Tuesday, 10 August 2004
Casco Bay Exhibit Hall
H. P. Liu, Jackson State University, Jackson, MS; and S. H. Liu, J. Chan, and T. Foken
Handout
(190.0 kB)
We used two-level turbulence data (2.7 m, 8.7 m) and profile data to examine the influence of nonlocal advection on surface fluxes, turbulence characteristics and turbulence spectrum. The data were collected in an international Energy Balance EXperiment (EBEX) in July and August 2000 the San Joaquin Valley, California over a flood-irrigated flat cotton field with an area of 1.6km by 0.8 km. The typical meteorological conditions were cloud free skies with northerly winds and evaporation rates of up to 400 Wm-2. The experiment used an array of ten towers with along wind tower spacing of 200 m and a typically fetch of more than 400 m.

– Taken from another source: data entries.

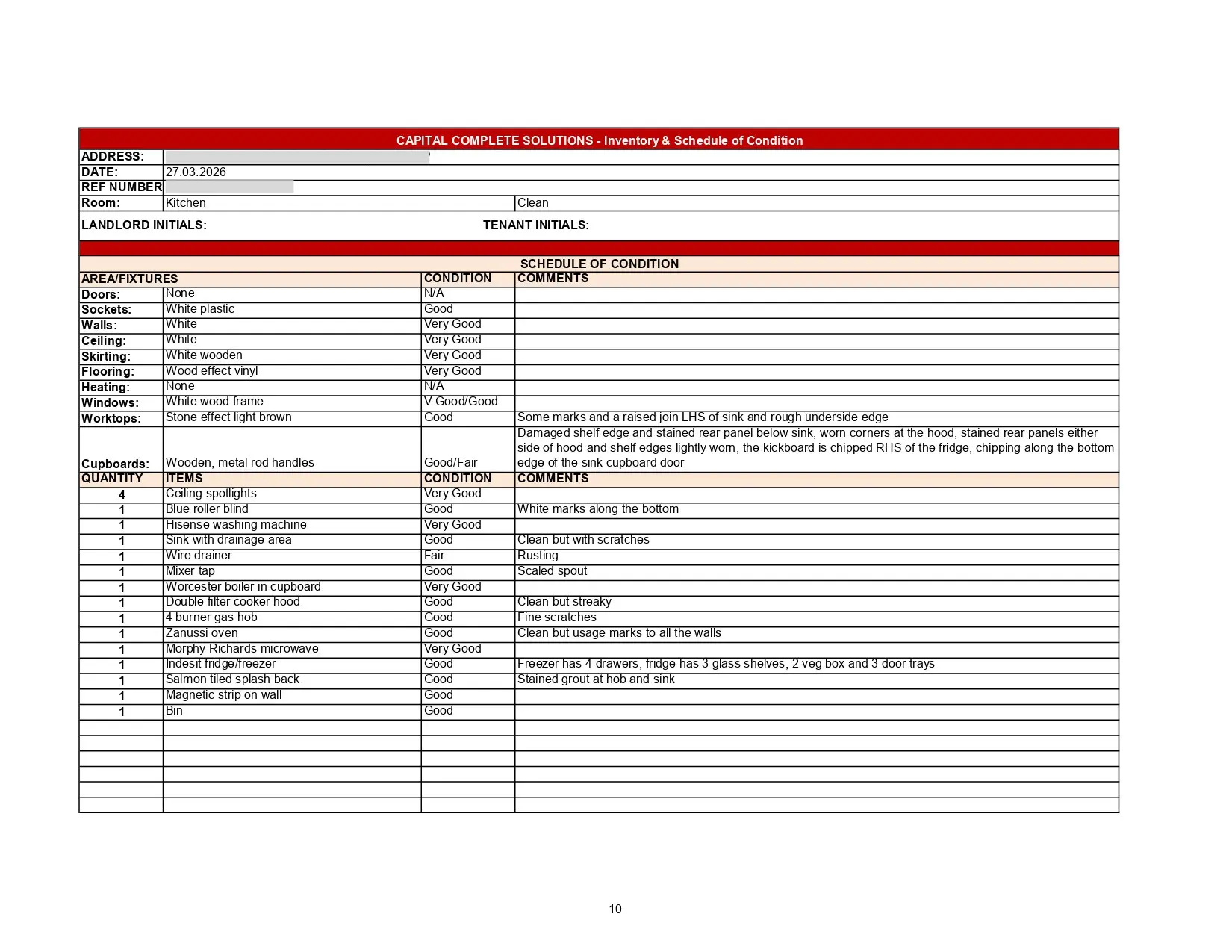 An example inventory report showing our detailed schedule of condition — room-by-room documentation of a property at the start of a tenancy.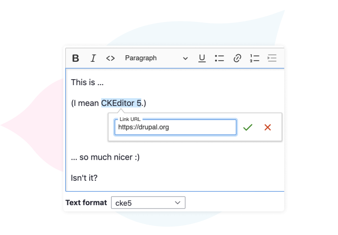 CKEditor 4 will reach its end of life in 2023, so Drupal 10 is moving to CKEditor 5. On the front end, it’s a greatly refined content editing experience.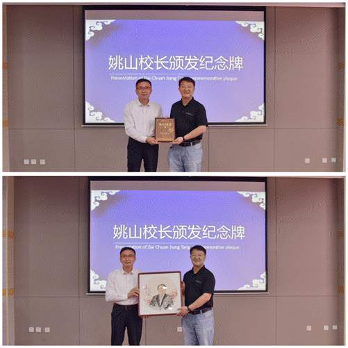 校党委常委、副校长姚山代表学校为李相烨颁发“百川讲堂”纪念牌,并送上我校学生绘制的国画肖像画,以表感谢与敬意。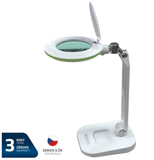 Kvalitní skleněná čočka (3 dioptrie) je vhodná pro jemnou práci. Lupa je vybavena krytem čočky a dlouhým ramenem pro velký rozsah pohybu. Výhodou této lupy je možnost plynule měnit jas světla (stmívač) pomocí dotykových ovládacích tlačítek a přizpůsobit tak osvětlení přesně podle Vašich potřeb.

In addition, temperature, specific humidity and wind profiles at 12 levels up to ~11 m from a nearby tower were measured to provide information about horizontal advection.
Strong soil moisture heterogeneity was present due to heterogeneous irrigation although the cotton canopy and the terrain were quite homogeneous. The results from spectra and cospectra analysis indicate the signatures of the non-local motions that originated in the upwind dry patches, and of the interaction between the local convection and non-local advection. This kind of interaction significantly affects the water vapor exchange in the surface layer with stronger influence at higher level than lower one (i.e., 8.7m and 2.7m). Both turbulence data and profile data suggest that this interaction between nonlocal advection and local convection is made through the entrainment of dry and warm air from the top of the internal boundary layer that develops due to the soil moisture heterogeneity.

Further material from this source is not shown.